It's my show, The Scott Horton Show.
All right, on the line, I've got Phyllis Bennis.
She directs the New Internationalism Project at the Institute for Policy Studies.
Her most recent book is Understanding ISIS and the New Global War on Terror.
She has other books, including Understanding the Palestinian-Israeli Conflict, Understanding the U.S.-Iran Crisis, Understanding the U.S. War in Afghanistan, et cetera, et cetera.
And this brand-new one is here at Common Dreams.
Bombing hospitals, all in a day's work.
Doctors Without Borders Hospital in Kunduz, destroyed by U.S. bombing.
Welcome back to the show, Phyllis.
How are you doing?
I'm good, Scott.
How are you doing?
I'm doing real good.
I like reading this article, because I can tell you're pissed off.
Me too, which not like we're anything like going through what the survivors of the dead are going through here today.
But go ahead, and first of all, just break down the facts as best you know them before you get too polemical on us.

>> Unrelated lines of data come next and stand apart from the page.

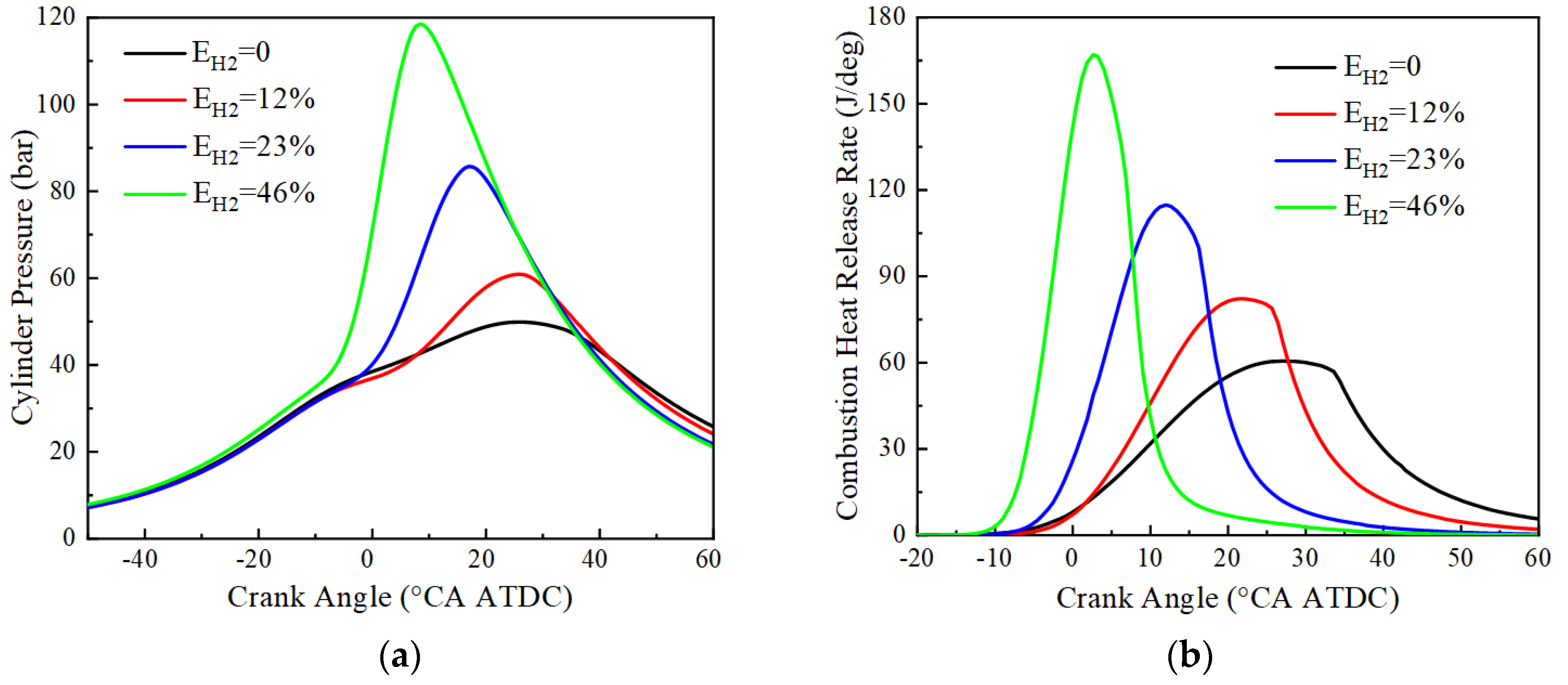 3.2. Effect of Hydrogen Blending Ratio on the Combustion Characteristics
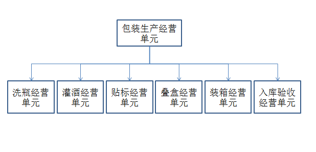 生产工序是指各种原材料、半成品按照一定的次序进行生产加工,最终做成成品的先后顺序。按照生产工序维度划分经营单元,往往在对生产、加工型类的战术级经营单元进行内部二次划分时使用。例如:对W集团生产基地的包装车间进行经营单元划分时,根据其包装生产的工序,将其初步划分划分为如下图的六个经营单元: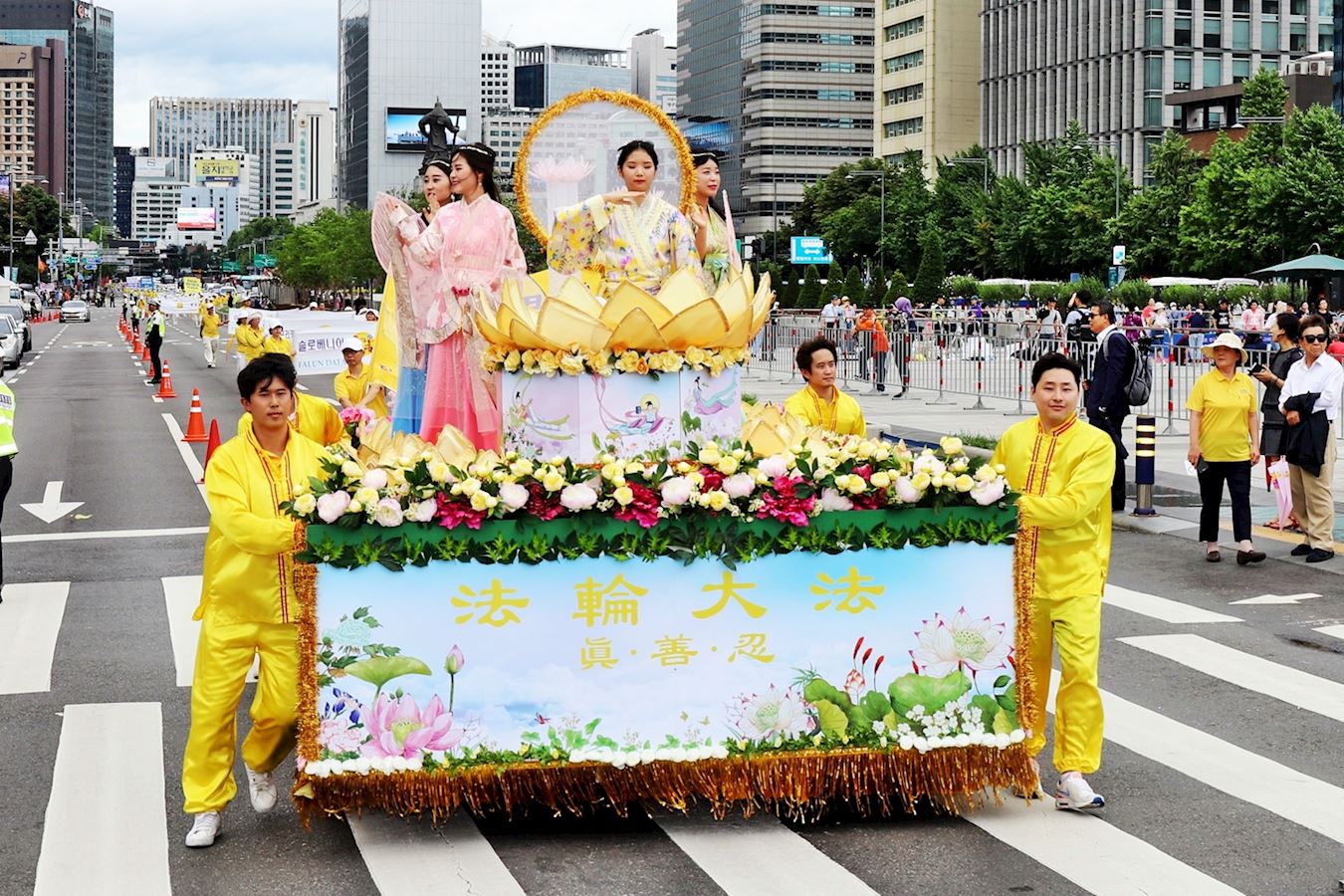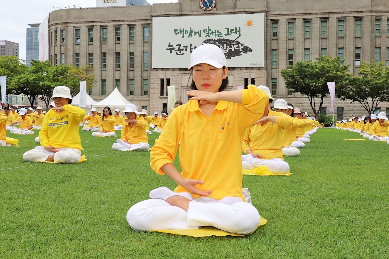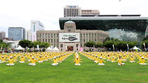 当天,因天气预报报有台风会通过韩半岛,首尔地区将有下大雨,因此原本预定在首尔广场及周围举办活动的其他团体都紧急取消活动,而法轮功活动如期举行。新奇的是,从早晨开始下起的大雨,等法轮功活动开始后,随即停止。活动期间,天空中时时飘起细细的雨丝,洒落在法轮功学员们身上,为他们带来阵阵清凉。

Well, this was a large hospital run by the international charity Doctors Without Borders, or Médecins Sans Frontières, known as MSF.
They had provided, all along, their exact coordinates, their GPS coordinates, to both the Afghan and, crucially, the U.S. military to make sure that an attack like this did not happen.
And it's exactly what happened.
The attack began around 2 o'clock in the morning.
Doctors on staff who survived later said that they heard the bombing, and then there was a pause, and then it started again and went on for almost an hour.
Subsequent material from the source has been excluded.